OPPOSITE-FIELDDocumentary filmmaker Jay Shapiro spent several years in Uganda following an inspiring Little League baseball team and making a nonfiction movie about it. The story has been chronicled on NPR, and ABC aired a short version of the film in 2012, but the final version, called Opposite Field, is making its debut at the 2014 edition of DOCNYC. Shapiro chronicles the rise of baseball in one of the world's poorest regions and delivers entertainment that has it all: from cliffhangers to unforgettable characters and thrills. We had the opportunity to talk to director Shapiro about the film's origins and the sociopolitical issues that might represent a challenge for the boys in the film.

I think Jimmy Rollins pretty much sums up the essence of the film when he says that the last thing he thought would bring him to Uganda would be baseball. At the beginning of the film you pretty much say the same by explaining that once you found out about this project you pretty much just grabbed your camera and left.

Yeah, it’s almost as simple as that. I used to work in Major League Baseball, doing commercials in New York, I grew up loving the game and I spent some time in West Africa, when I was younger in college I made a film there, and I was filming an interview with former baseball great, Dave Winfield, who was talking about going on a baseball trip to Ghana. I’d been to Ghana before and I didn’t remember having seen any baseball there, so after the interview I asked Mr. Winfield about this and he said “oh, you have to meet this guy who’s putting it together”, so I met this guy who then told me I had to meet more people who were doing something similar in other places. One of them was Richard Stanley, who is quite the character. When I first met him I realized he’s a very old school guy, we met at a diner in 2008 and he comes in with a stack of Polaroid pictures and a roll of blueprints under his arm, and he’s showing me what was basically a swamp in the middle of Africa, and I’m thinking how crazy this is, as he tells me he’s going to build a baseball complex, with a pool and everything sounded wild. Since I’d been in Africa I realized it took someone as crazy as him to pull off something like this. I was intrigued. Then he gets to a photograph of some kids playing baseball in Africa and that’s what lit the spark for me, I needed to go see this, because it seemed like they knew what they were doing.

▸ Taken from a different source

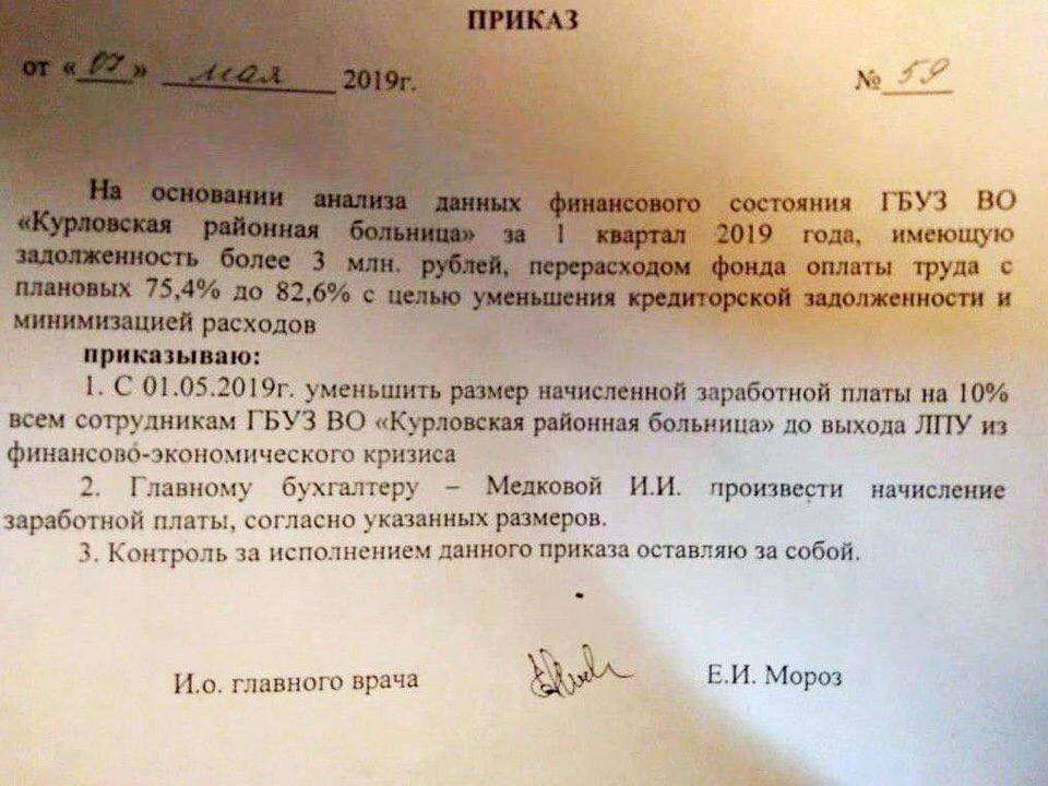 Судя по размещенной в городском сообществе фотокопии приказа, зарплату в Курлово решили еще сократить. Больница в Гусь-Хрустальном районе, а также ФАПы в приписанных к ней селах вынуждены сокращать и без того маленькую зарплату медиков. Именно так руководитель больницы решил выйти из кризиса.

jay shapiroCan we go further back in time to when you first realized that you liked baseball. Did you see any of yourself as a kid, in these kids you met in Uganda?

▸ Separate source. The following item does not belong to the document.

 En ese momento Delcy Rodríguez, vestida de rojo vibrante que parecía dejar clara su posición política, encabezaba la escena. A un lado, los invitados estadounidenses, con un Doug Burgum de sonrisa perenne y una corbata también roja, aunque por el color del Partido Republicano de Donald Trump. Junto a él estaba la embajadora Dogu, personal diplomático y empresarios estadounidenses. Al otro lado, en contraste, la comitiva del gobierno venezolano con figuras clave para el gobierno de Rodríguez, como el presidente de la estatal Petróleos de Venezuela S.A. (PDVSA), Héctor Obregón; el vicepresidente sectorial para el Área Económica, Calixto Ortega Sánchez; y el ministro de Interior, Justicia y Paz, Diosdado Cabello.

Yeah, once you go there it’s pretty rough, there’s nothing resembling the worst little league field where I played in growing up. I grew up in suburbs in Pennsylvania, in a very cookie-cutter environment, so you can imagine what my baseball experience was like. The game was very important to me and my family, it’s a game that in America you inherit from your parents. I inherited my Philly fandom from my father and it continues to be this really important thing for me, and when you go there you see that all of that is just stripped away, and they just love the game because they’re not inheriting it from anyone, they’re discovering it. It’s this thing they see other people around them playing, so it’s just the game, they’re attracted to the challenge, which is huge there. Even finding a space to play is a challenge, not to mention to find the gloves, the bats...to play it in Uganda you really need to want it. This dedication was inspiring, truly mindblowing. I already mentioned that I think of the game as something related to fathers and sons, and in all honesty, finding positive father figures in Uganda is tough. So that aspect became interesting to me in terms of what the game could mean in this context of manhood and fatherhood. George, the coach in the film becomes a central figure because he is the father figure to this community, in a much more literal way than the coaches in our society.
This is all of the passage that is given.